Graph showing percentage of unoccuped offices througout a day

  1. Rental Revisions and Concessions: As leases come up for renewal, tenants are either seeking smaller spaces or demanding more concessions. This puts landlords in a tight spot, having to choose between reduced revenue or potentially vacant spaces.

  2. Rising Interest Rates: The Federal Reserve’s aggressive stance, with rates now at 5.25%, is another blow. Landlords facing debt rollovers or those with adjustable-rate mortgages are feeling the squeeze. The cost of financing is skyrocketing at a time when revenue streams are dwindling.

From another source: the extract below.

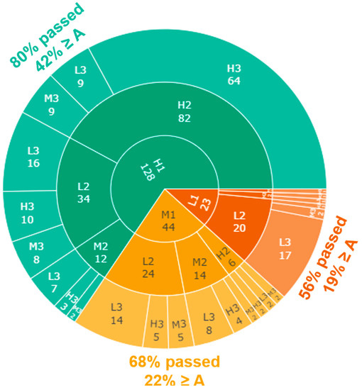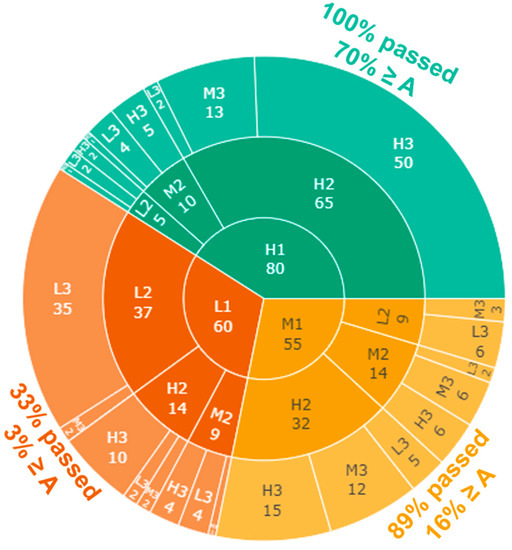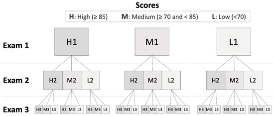 Figure 4 illustrates the exam-wise performance progression of all the students, where the inner, middle, and outer circles correspond to exam 1, exam 2, and exam 3, respectively. The categories within the circles correspond to the number of students that obtained High (H), Medium (M), and Low (L) scores for each exam.

  3. Escalating Operational Costs: The expenses associated with maintaining these architectural behemoths are on the rise. From utilities to maintenance, the cost burden is intensifying, further eroding the profitability of these properties.

The situation eerily mirrors the crisis unfolding in China, where over-leveraged builders are succumbing to financial pressures, leaving banks burdened with Billions in debts and unrealized losses. The U.S. Office Real Estate Market, while different in many respects, is showing early signs of similar strains.

Office Tenant Occupancy

This confluence of reduced occupancy, rising interest rates, and escalating costs is creating a perfect storm. Landlords and investors need to brace for a challenging period ahead. Creative solutions, such as repurposing office spaces or restructuring financial models, may be necessary to navigate these turbulent waters but they take a lot of time and money to implement – and neither of those things are in ample supply at the moment.  

Current rents don’t pencil out for building expensive spaces. The U.S. had only 31 Million square feet in office construction starts last year, the lowest level since 2010. New buildings will represent only 1% of inventory by 2027, the lowest in at least 25 years, according to CoStar. Asking rents for prime space in 16 U.S. markets declined in the third quarter after increasing on average from about $61 a square foot in mid-2021 to close to about $70 in the second quarter of last year, according to CBRE Econometric Advisors. They were just under $69 in the fourth quarter, CBRE said.

Office building valuations are projected to fall 30%, according to Richard Barkham, global chief economist at CBRE Group. A sharp decline in property values could potentially result in steep losses for banks. This is especially true for small and regional banks that make up the majority of U.S. office loans. Big banks cover roughly 20% of office and downtown retail totals. Buildings in bad locations or without amenities for office workers could see value declines of up to 80%, he said. 

Even if the current rates stay where they are now, new lending rates are likely to be 3.5 to 4.5 percentage points higher than they are for many of CRE’s existing mortgages,” Lisa Shalett, chief investment officer for Morgan Stanley Wealth Management, wrote in an early April report. “Distress of this type has historically not only hurt the landlords and the bankers who lend to them, but also the interconnected business communities, private capital funders and owners of any underlying securitized debt.”

St. Louis Fed President James Bullard recently said the shakeout in the commercial building market would be “very slow-moving” and would “ripple through the economy.” Since early 2020, when pandemic lockdowns began, the amount of empty office space in the U.S. has ballooned by 242.7 Million square feet – or roughly the equivalent of all the office space in the Chicago metropolitan area, according to CBRE data.